Debugging Guide#

ModernDiD combines several technologies (Polars DataFrames, Numba JIT compilation, CuPy GPU arrays, and Dask/Spark distributed computing) that each have their own debugging characteristics and common failure modes.

General strategies#

Start simple#

When a test fails or you get unexpected results, first isolate the problem.

  1. Run the failing test in isolation:

    pytest tests/did/test_att_gt.py::test_specific_case -vv
    
  2. Check if the failure is deterministic. Run it a few times. Flaky failures often point to race conditions (in parallel code) or insufficient numerical tolerances (in stochastic tests).

  3. Reduce the problem. If a test uses a large dataset, try reducing the number of units or periods. If a test uses bootstrap, try running without it first (boot=False).

Reading test output#

Test output includes suppressed warnings by default (configured in pyproject.toml). If you suspect a warning is relevant, run with all warnings visible:

pytest tests/did/test_att_gt.py -W default -vv

For assertion failures on numerical results, the output will show the expected and actual values. Pay attention to whether the discrepancy is in the point estimate (likely a logic bug) or the standard error (likely a numerical precision or bootstrap issue).

Numerical issues#

Floating-point precision#

The most common class of bugs in econometric software is numerical precision. Symptoms include tests passing on one platform but failing on another, results that differ slightly between runs, and RuntimeWarning: overflow encountered or invalid value encountered messages.

To diagnose, add intermediate logging statements or use a debugger to inspect values at key points in the computation. Look for very large or very small intermediate values that could overflow or underflow, division by quantities that could be near zero, and matrix operations on near-singular matrices.

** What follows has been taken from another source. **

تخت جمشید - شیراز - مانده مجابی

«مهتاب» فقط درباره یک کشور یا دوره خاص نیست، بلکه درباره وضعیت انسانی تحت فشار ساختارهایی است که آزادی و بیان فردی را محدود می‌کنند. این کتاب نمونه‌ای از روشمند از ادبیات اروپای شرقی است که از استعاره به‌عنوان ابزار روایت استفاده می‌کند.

Common fixes include using np.clip to bound propensity scores away from 0 and 1, using scipy.linalg.solve instead of explicit matrix inversion, adding atol and rtol parameters to np.testing.assert_allclose that match the expected precision of the computation, and checking symmetry and positive semi-definiteness of variance-covariance matrices before using them.

Tolerance selection#

When a test fails with a numerical mismatch, don’t just loosen tolerances until it passes. Instead, understand why the results differ.

  • Deterministic code should match to high precision (rtol=1e-5, atol=1e-6).

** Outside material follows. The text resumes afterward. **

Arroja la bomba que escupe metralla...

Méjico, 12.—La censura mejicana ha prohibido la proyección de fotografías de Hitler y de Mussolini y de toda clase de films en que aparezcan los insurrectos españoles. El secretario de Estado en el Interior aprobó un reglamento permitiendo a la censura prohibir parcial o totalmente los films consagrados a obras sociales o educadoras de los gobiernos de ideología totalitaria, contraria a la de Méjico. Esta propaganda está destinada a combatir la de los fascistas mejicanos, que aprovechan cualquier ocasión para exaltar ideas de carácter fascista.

  • Standard errors with analytical formulas may have slightly lower precision (rtol=1e-3, atol=1e-4) due to intermediate rounding.

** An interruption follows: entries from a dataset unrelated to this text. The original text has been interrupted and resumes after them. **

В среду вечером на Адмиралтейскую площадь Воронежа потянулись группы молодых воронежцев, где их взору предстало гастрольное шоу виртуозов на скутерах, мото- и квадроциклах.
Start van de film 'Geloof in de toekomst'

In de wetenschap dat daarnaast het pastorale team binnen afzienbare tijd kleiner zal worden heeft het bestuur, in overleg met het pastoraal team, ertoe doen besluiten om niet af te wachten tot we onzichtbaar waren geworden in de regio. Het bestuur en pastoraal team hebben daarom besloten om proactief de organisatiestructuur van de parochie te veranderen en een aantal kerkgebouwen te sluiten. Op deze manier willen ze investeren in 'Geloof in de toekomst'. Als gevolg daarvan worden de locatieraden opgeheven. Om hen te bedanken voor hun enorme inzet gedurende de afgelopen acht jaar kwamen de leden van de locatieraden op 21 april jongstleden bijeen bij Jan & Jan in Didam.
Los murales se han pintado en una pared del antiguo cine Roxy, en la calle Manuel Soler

  • Bootstrap results are inherently stochastic. Use ratio-based checks (e.g., assert 0.7 < se_ratio < 1.3) or compare distributions rather than point values.

  • Cross-language validation (Python vs R) may show small differences due to different linear algebra backends or floating-point operation ordering.

Debugging Numba-compiled code#

ModernDiD uses Numba for JIT compilation of performance-critical loops in numba_utils.py, didcont numba.py, and didhonest numba.py. These functions use @nb.njit with cache=True and often parallel=True.

Disabling JIT for debugging#

Numba-compiled functions cannot be stepped through with a normal Python debugger. To disable JIT and run the pure-Python fallback, set the environment variable before running tests:

NUMBA_DISABLE_JIT=1 pytest tests/did/test_att_gt.py -vv

With JIT disabled, you can use pdb, breakpoint(), or your IDE’s debugger to step through the code. Performance will be much slower, so use a small dataset.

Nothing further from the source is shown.